Хорошая девочка, хотя и заброшенная, как кошка Муся, которую Лариса Семеновна пугливой и тощей подобрала в подъезде. Интересно, сколько этой рыженькой лет, десять, одиннадцать? Лариса Семеновна подумала, что если бы не аборт тогда, после отпуска в Ессентуках, одиннадцать лет назад…
— Ну что, домой завтра? Соскучилась, наверное, по дому?
Девочка подняла на Ларису удивленные глаза и ничего не ответила.
— Как тебя зовут?
— Луша.
Неожиданно. Полное имя получается Лукерья? Так старомодно сейчас детей не называют. Но вслух Лариса соврала:
— Милое имя.
Луша имя свое терпеть не могла. Лушка-лягушка, Луша-лужа. И угораздило ее так назвать! А все отец. Луша мечтала: когда вырастет, уедет в такой город, где ее никто не будет знать, и скажет, что ее зовут Лариса — хорошее, лисье, рыжее имя.
— А вас как зовут?
— Лариса. Семеновна.
— Повезло.
Это библиотекарю понравилось, и она решила разбавить монотонность дня.
— Давай чай пить, Луша! Я как раз чайник вскипятила. Ты любишь мятный чай?
— Не знаю, не пробовала никогда.
И они там же, на столе под окном, перенеся на стойку журналы (под ними оказалось выцарапано короткое, неприличное слово, которое Луша быстро закрыла своей эмалированной кружкой), стали пить мятно пахнущий отвар. Лариса Семеновна одобрительно заметила Лушкин маневр с кружкой и принесла из-за стойки на стол еще и пачку печений «Юбилейное».
— Ну как, вкусно?
Луше отвар не понравился, но понравилась Лариса Семеновна, поэтому она кивнула.
— Ты любишь читать?
— Не очень.
— Почему же? — воскликнула Лариса Семеновна.
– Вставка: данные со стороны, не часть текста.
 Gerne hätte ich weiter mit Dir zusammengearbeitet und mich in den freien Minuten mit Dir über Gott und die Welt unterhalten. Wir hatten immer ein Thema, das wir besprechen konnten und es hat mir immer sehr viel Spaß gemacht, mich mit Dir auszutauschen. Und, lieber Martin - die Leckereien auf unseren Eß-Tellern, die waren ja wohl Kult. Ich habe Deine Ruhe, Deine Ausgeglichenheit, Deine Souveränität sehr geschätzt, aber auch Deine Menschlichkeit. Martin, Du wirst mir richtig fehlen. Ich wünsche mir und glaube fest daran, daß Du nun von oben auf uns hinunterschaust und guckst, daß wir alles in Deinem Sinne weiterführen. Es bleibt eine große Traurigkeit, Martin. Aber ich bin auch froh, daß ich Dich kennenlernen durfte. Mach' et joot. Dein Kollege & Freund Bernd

Лушка задумалась. Литературу она считала неплохим уроком в расписании: ей всегда удавалось садиться в дальнем углу класса, где можно было рисовать без особых помех.
— Мне некогда.
— Вот как! Чем же ты так занята?
— Я рисую.
— Одно другому не помеха. Просто ты еще не встретила свою книгу.
— Что значит «мою»?
— Ну, такую…Такую, которую не забудешь, которая станет помогать.
— В чем?
— Во всем. А хочешь, я угадаю, какая книга — твоя?
Лушка пожала плечами.
— Ну, хорошо.
— Только все должно быть честно. Идет?
— Идет.
Лариса Семеновна загадочно улыбнулась, встала из-за стола и пошла к полкам. Лушка отвернулась и стала смотреть в окно на опустевший лагерь. Она подумала, что зимой сюда, наверное, приходят звери и укрываются на верандах деревянных корпусов. Картина в голове ожила, и ей ужасно захотелось это нарисовать.
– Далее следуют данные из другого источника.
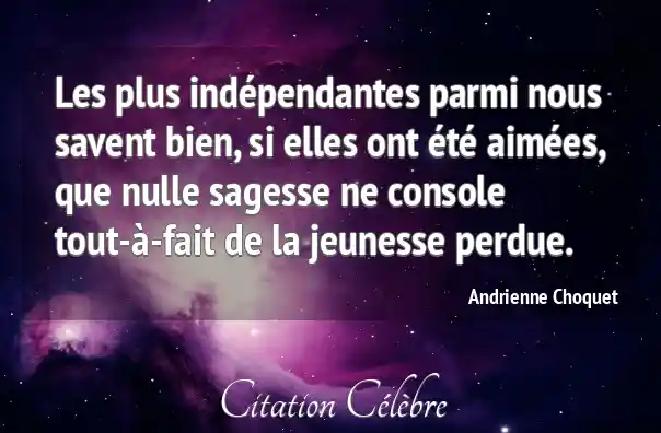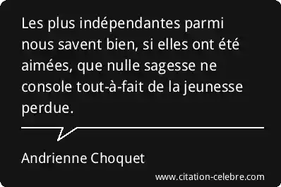 Les plus indépendantes parmi nous savent bien, si elles ont été aimées, que nulle sagesse ne console tout-à-fait de la jeunesse perdue.

Но Лариса Семеновна уже шла от полок с какой-то книгой.
— Условие такое. Ты прочитаешь прямо сейчас первые пять страниц, я тебе мешать не буду, и скажешь, угадала я или нет. Только честно.
— Хорошо.
Лушка взяла в руки книгу. Лиса, утка, снег. Фамилия смешная: Мамин-Сибиряк. В школе бы его задразнили. Название «Серая шейка». Вздохнула.
— А хотите, я вас сначала нарисую?
И, не дожидаясь ответа, достала из рюкзака на пуговице блокнотик и карандаш.
— Ну хорошо, нарисуй. С книжкой успеется. Так ты хочешь стать художником?
Луша не ответила и начала ловко рисовать, бросая быстрые взгляды на Ларису Семеновну, которая непонятно почему оробела и оттого немного дурачилась, торжественно и театрально гримасничая, на что Луша не обращала внимания и даже ни разу не улыбнулась.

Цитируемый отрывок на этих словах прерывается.